## Instructions for the task
Your task is to repeat all of the data exactly while excluding the pictures.

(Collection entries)
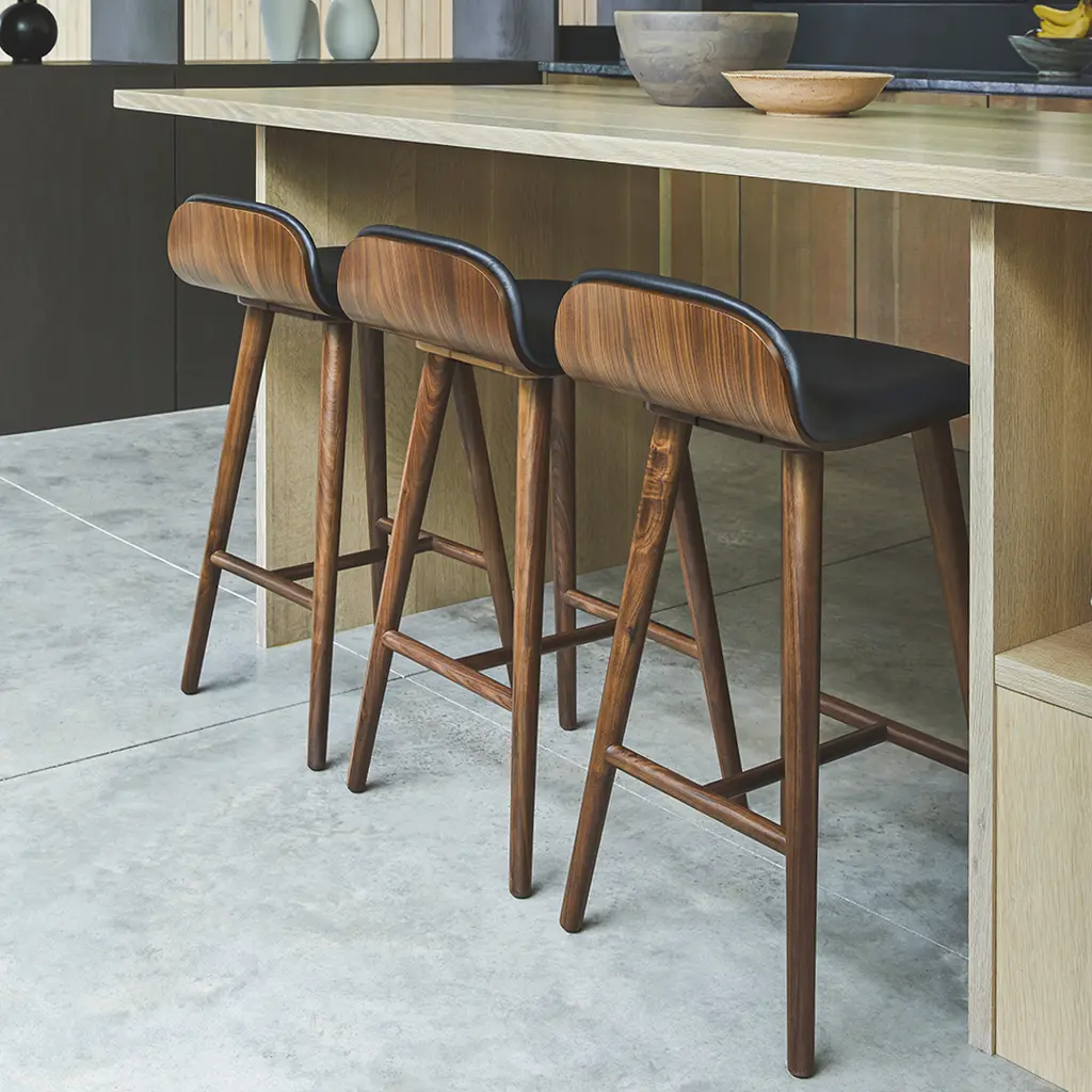 Turn your day around. A total mid-century modern dream seat, our Sede Counter Stool proves that good design always comes full circle. Tapered solid wood legs? Check. Bentwood seat? Absolutely. With a low, exposed veneer back, the Sede helps you lean into small talk or deep into conversation with confidence. Cheers to that.
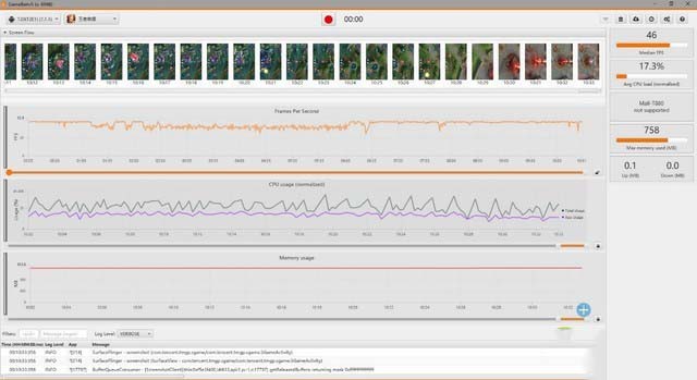 在开启《王者荣耀》默认画质的前提下,我们使用了gamebench来记录它的帧率表现,在十分钟的游戏过程中,它的平均帧率为46帧。
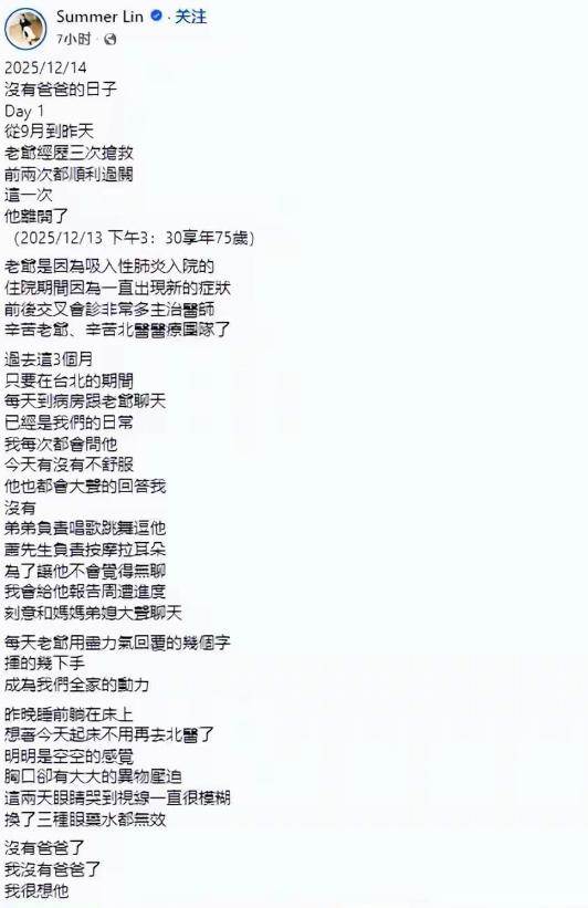 除此之外林有慧還發長文悼念自己的父親,表示「胸口有大大的異物壓迫」并且一直從悲傷中無法走出來。
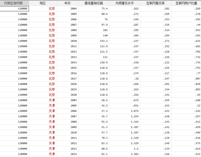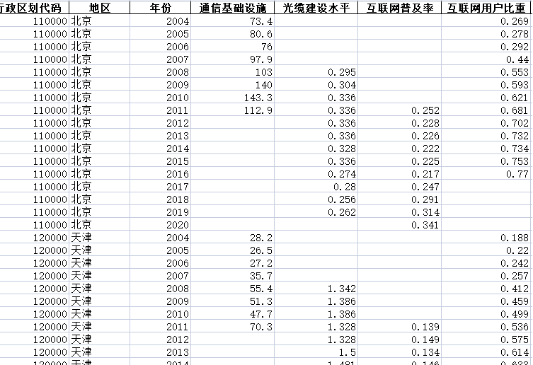 主要指标有计算机服务和软件业固定资产投资,长途光缆线路长度,城区面积,互联网宽带接入用户,互联网上网人数,年末常住人口,其中通信基础设施信息传输指标参照计算机服务和软件业固定资产投资,科技支出占比指标参照地方财政科学技术支出 / 地方财政一般预算支出,光缆建设水平指标参照长途光缆线路长度 / 城区面积*10000,互联网普及率指标参照互联网宽带接入用户 / 年末常住人口,互联网用户比重参照互联网上网人数 / 年末常住人口;
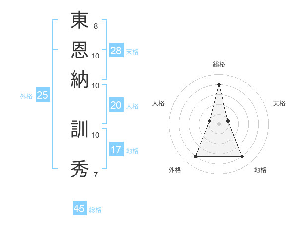 東恩納 訓秀さんを姓名の画数から五運を鑑定
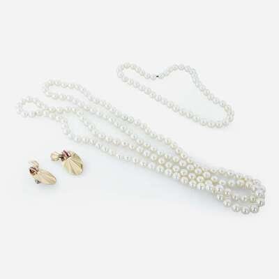 Earrings; 1 1/2 in. Pearls, 48 in and 15 in. Weight: 105.8 gross dwt.
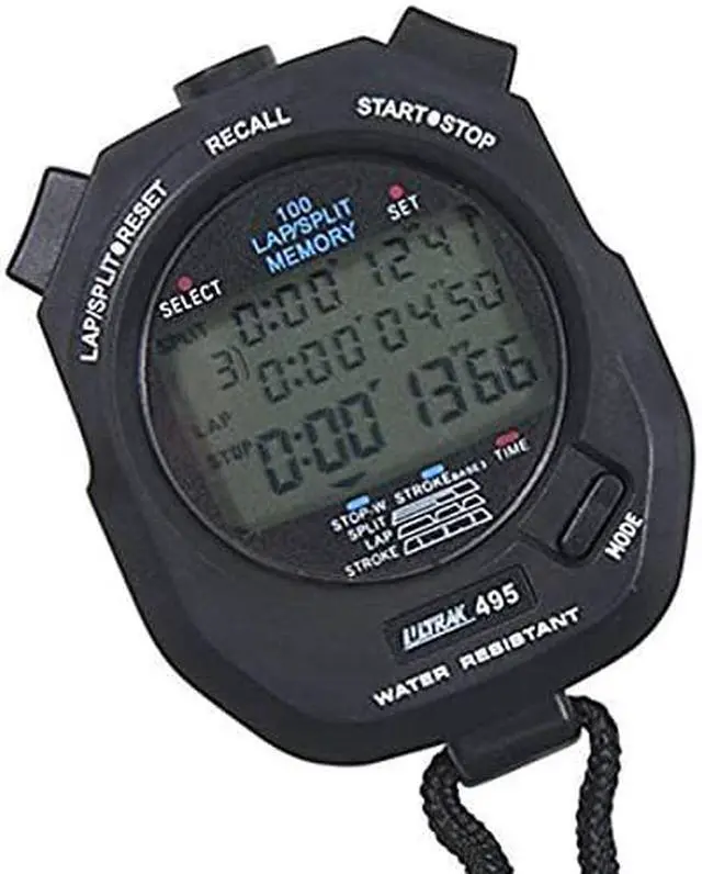 100 dual split recallable memory Memory recall during operation Takes splits from within recall mode Time, calendar and alarm Water resistant; lithium battery
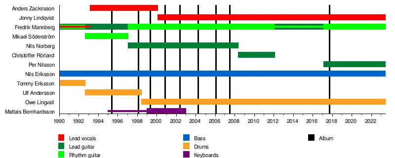- Fredrik Mannberg – guitars (1990–present), vocals (1990–1993)
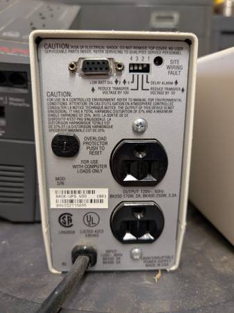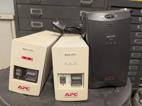 Four APC Backups 400, 500, 650 and 700 computer/electronic back up power supply. Also have built-in surge suppressor. Can also be used on a television or stereo. Battery will need replacement-approx $20 on Ebay or Amazon.
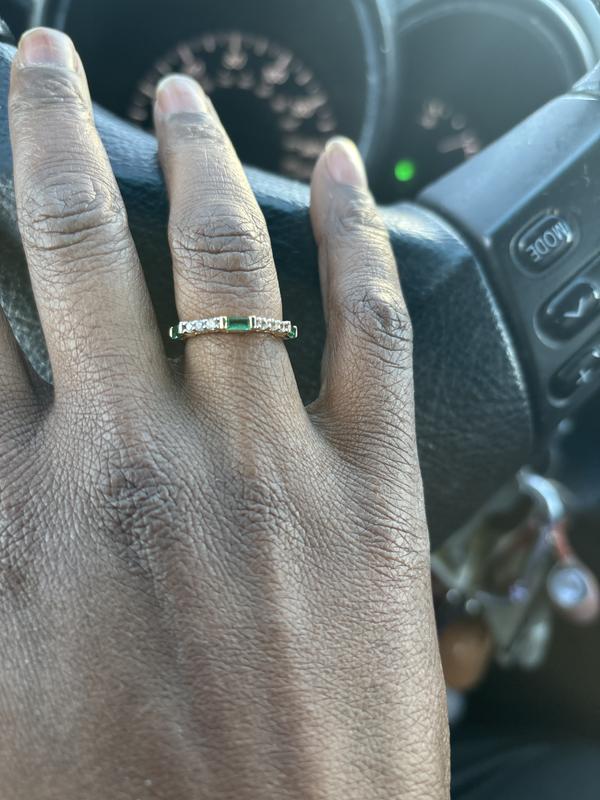 Love this ring it is simple yet elegant. It is lightweight and is easy to wear. I enjoy looking at the clear emeralds and the sparking diamonds.
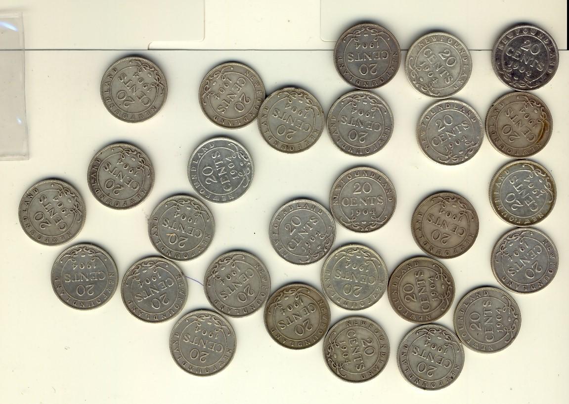 Nfld 1904H 20¢. Lot of 28 coins Good to VG. Should be viewed.
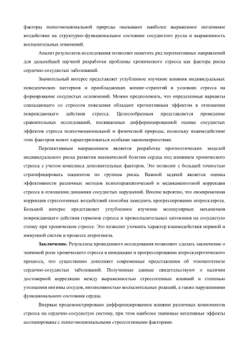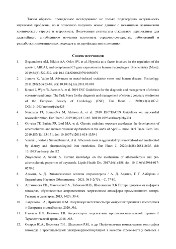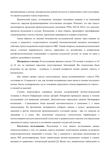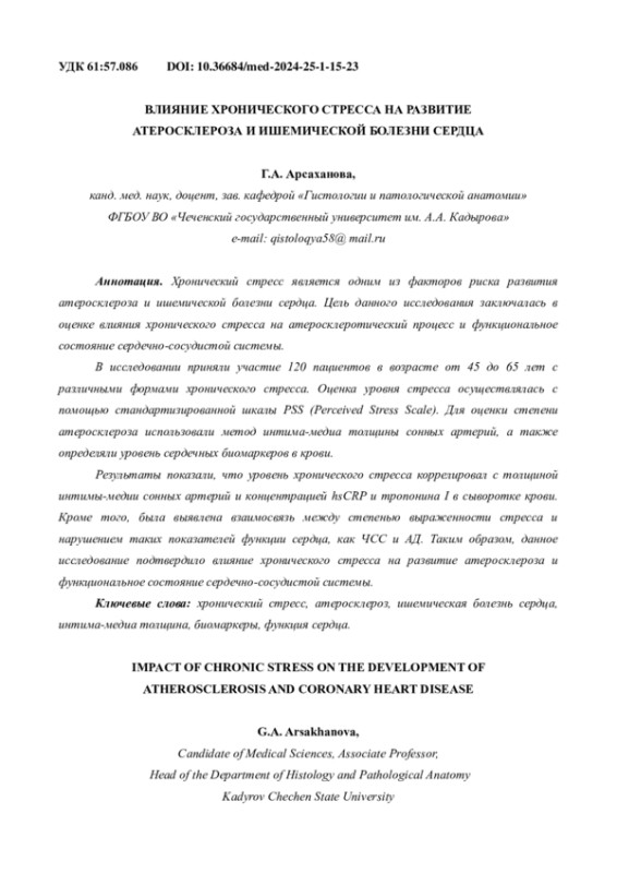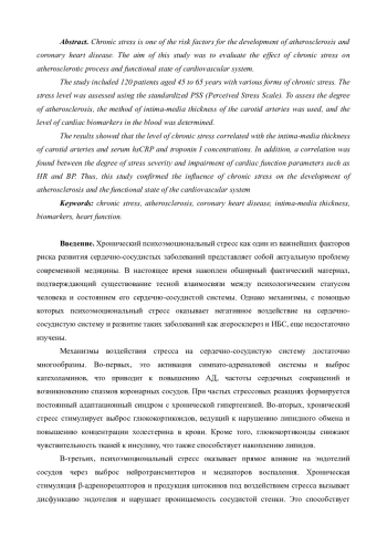 Хронический стресс является одним из факторов риска развития атеросклероза и ишемической болезни сердца. Цель данного исследования заключалась в оценке влияния хронического стресса на атеросклеротический процесс и функциональное состояние сердечно-сосудистой системы. В исследовании приняли участие 120 пациентов в возрасте от 45 до 65 лет с различными формами хронического стресса. Оценка уровня стресса осуществлялась с помощью стандартизированной шкалы PSS (Perceived Stress Scale). Для оценки степени атеросклероза использовали метод интима-медиа толщины сонных артерий, а также определяли уровень сердечных биомаркеров в крови. Результаты показали, что уровень хронического стресса коррелировал с толщиной интимы-медии сонных артерий и концентрацией hsCRP и тропонина I в сыворотке крови. Кроме того, была выявлена взаимосвязь между степенью выраженности стресса и нарушением таких показателей функции сердца, как ЧСС и АД. Таким образом, данное исследование подтвердило влияние хронического стресса на развитие атеросклероза и функциональное состояние сердечно-сосудистой системы.
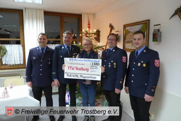 Wenn es um die Verpflegung der eigenen Mannschaft am alljährlich stattfindenden Hallenfest geht, so kann die Feuerwehr Trostberg mittlerweile auf einen verlässlichen Partner zurückgreifen. Erneut hat das PUR VITAL Pflegezentrum Trostberg anlässlich des zurückliegenden 14. Hallenfest einen beträchtlichen Betrag für die Verpflegung zur Verfügung gestellt. Vorsitzender Michael Pöpperl, stv. Vorsitzender Martin Sperger, Kommandant Hans-Peter Heimbach und stv. Kommandant Florian Zimmermann Bedankten sich bei der Hausleitung Karin Steiglechner. Alle Beteiligten bedankten sich für die stets gute Zusammenarbeit untereinander.
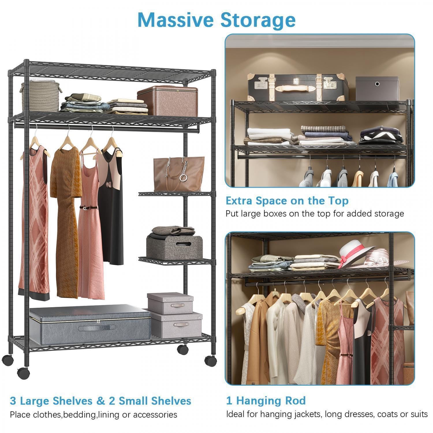 VIPEK Metal Heavy Duty Wire Garment Rack 5 Tier Clothes Rack, Black
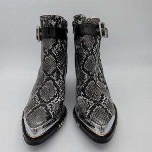 Jeffrey Campbell Verdant M Snakeskin Leather Ankle Boots Grey Black Womens 9
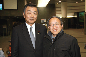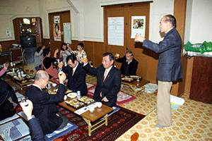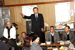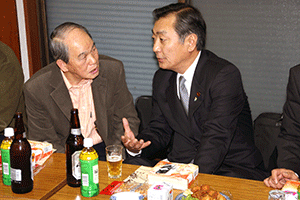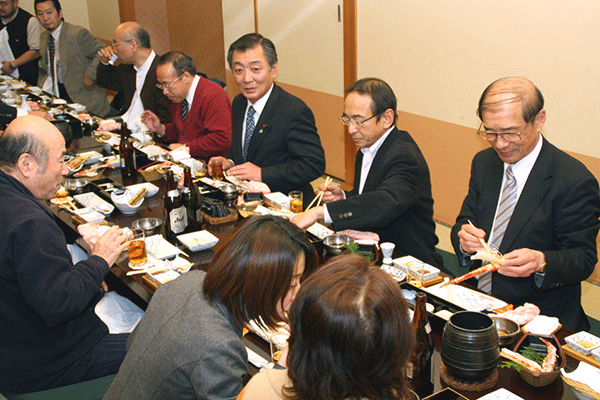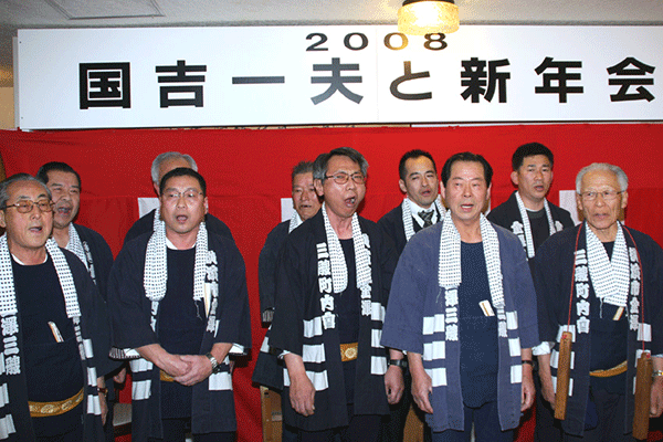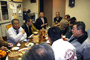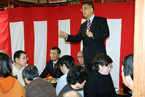 金沢区の西大道の新年会と同時刻に開会されていた中区末吉町3,4丁目の新年会に遅れて到着しました。すでに式典は終了し、皆さんのお酒や食事はだいぶ進んでいるようでした。短い新年の挨拶をさせていただきました。すると杉本商和会会長から「犯罪の 時効を無くせ。仕事をしない公務員は首にしろ。島が沈む報道を見て涙が出たが、地球温暖化対策を急げ」と注文を頂きました。悪を追放し100%善の国づくりを求められましたが、私からは理想と現実の両方に目を向けていかなければならないのだろうと応えました。その後、二次会のカラオケもお付き合いし、菊池正綱会長の見事な歌声に聞きほれました。時間に気がつくと終了は午後10時を回っていました。

## Output for this task
 Turn your day around. A total mid-century modern dream seat, our Sede Counter Stool proves that good design always comes full circle. Tapered solid wood legs? Check. Bentwood seat? Absolutely. With a low, exposed veneer back, the Sede helps you lean into small talk or deep into conversation with confidence. Cheers to that.
 在开启《王者荣耀》默认画质的前提下,我们使用了gamebench来记录它的帧率表现,在十分钟的游戏过程中,它的平均帧率为46帧。
 除此之外林有慧還發長文悼念自己的父親,表示「胸口有大大的異物壓迫」并且一直從悲傷中無法走出來。
 主要指标有计算机服务和软件业固定资产投资,长途光缆线路长度,城区面积,互联网宽带接入用户,互联网上网人数,年末常住人口,其中通信基础设施信息传输指标参照计算机服务和软件业固定资产投资,科技支出占比指标参照地方财政科学技术支出 / 地方财政一般预算支出,光缆建设水平指标参照长途光缆线路长度 / 城区面积*10000,互联网普及率指标参照互联网宽带接入用户 / 年末常住人口,互联网用户比重参照互联网上网人数 / 年末常住人口;
 東恩納 訓秀さんを姓名の画数から五運を鑑定
 Earrings; 1 1/2 in. Pearls, 48 in and 15 in. Weight: 105.8 gross dwt.
 100 dual split recallable memory Memory recall during operation Takes splits from within recall mode Time, calendar and alarm Water resistant; lithium battery
- Fredrik Mannberg – guitars (1990–present), vocals (1990–1993)
 Four APC Backups 400, 500, 650 and 700 computer/electronic back up power supply. Also have built-in surge suppressor. Can also be used on a television or stereo. Battery will need replacement-approx $20 on Ebay or Amazon.
 Love this ring it is simple yet elegant. It is lightweight and is easy to wear. I enjoy looking at the clear emeralds and the sparking diamonds.
 Nfld 1904H 20¢. Lot of 28 coins Good to VG. Should be viewed.
 Хронический стресс является одним из факторов риска развития атеросклероза и ишемической болезни сердца. Цель данного исследования заключалась в оценке влияния хронического стресса на атеросклеротический процесс и функциональное состояние сердечно-сосудистой системы. В исследовании приняли участие 120 пациентов в возрасте от 45 до 65 лет с различными формами хронического стресса. Оценка уровня стресса осуществлялась с помощью стандартизированной шкалы PSS (Perceived Stress Scale). Для оценки степени атеросклероза использовали метод интима-медиа толщины сонных артерий, а также определяли уровень сердечных биомаркеров в крови. Результаты показали, что уровень хронического стресса коррелировал с толщиной интимы-медии сонных артерий и концентрацией hsCRP и тропонина I в сыворотке крови. Кроме того, была выявлена взаимосвязь между степенью выраженности стресса и нарушением таких показателей функции сердца, как ЧСС и АД. Таким образом, данное исследование подтвердило влияние хронического стресса на развитие атеросклероза и функциональное состояние сердечно-сосудистой системы.
 Wenn es um die Verpflegung der eigenen Mannschaft am alljährlich stattfindenden Hallenfest geht, so kann die Feuerwehr Trostberg mittlerweile auf einen verlässlichen Partner zurückgreifen. Erneut hat das PUR VITAL Pflegezentrum Trostberg anlässlich des zurückliegenden 14. Hallenfest einen beträchtlichen Betrag für die Verpflegung zur Verfügung gestellt. Vorsitzender Michael Pöpperl, stv. Vorsitzender Martin Sperger, Kommandant Hans-Peter Heimbach und stv. Kommandant Florian Zimmermann Bedankten sich bei der Hausleitung Karin Steiglechner. Alle Beteiligten bedankten sich für die stets gute Zusammenarbeit untereinander.
 VIPEK Metal Heavy Duty Wire Garment Rack 5 Tier Clothes Rack, Black
 Jeffrey Campbell Verdant M Snakeskin Leather Ankle Boots Grey Black Womens 9
 金沢区の西大道の新年会と同時刻に開会されていた中区末吉町3,4丁目の新年会に遅れて到着しました。すでに式典は終了し、皆さんのお酒や食事はだいぶ進んでいるようでした。短い新年の挨拶をさせていただきました。すると杉本商和会会長から「犯罪の 時効を無くせ。仕事をしない公務員は首にしろ。島が沈む報道を見て涙が出たが、地球温暖化対策を急げ」と注文を頂きました。悪を追放し100%善の国づくりを求められましたが、私からは理想と現実の両方に目を向けていかなければならないのだろうと応えました。その後、二次会のカラオケもお付き合いし、菊池正綱会長の見事な歌声に聞きほれました。時間に気がつくと終了は午後10時を回っていました。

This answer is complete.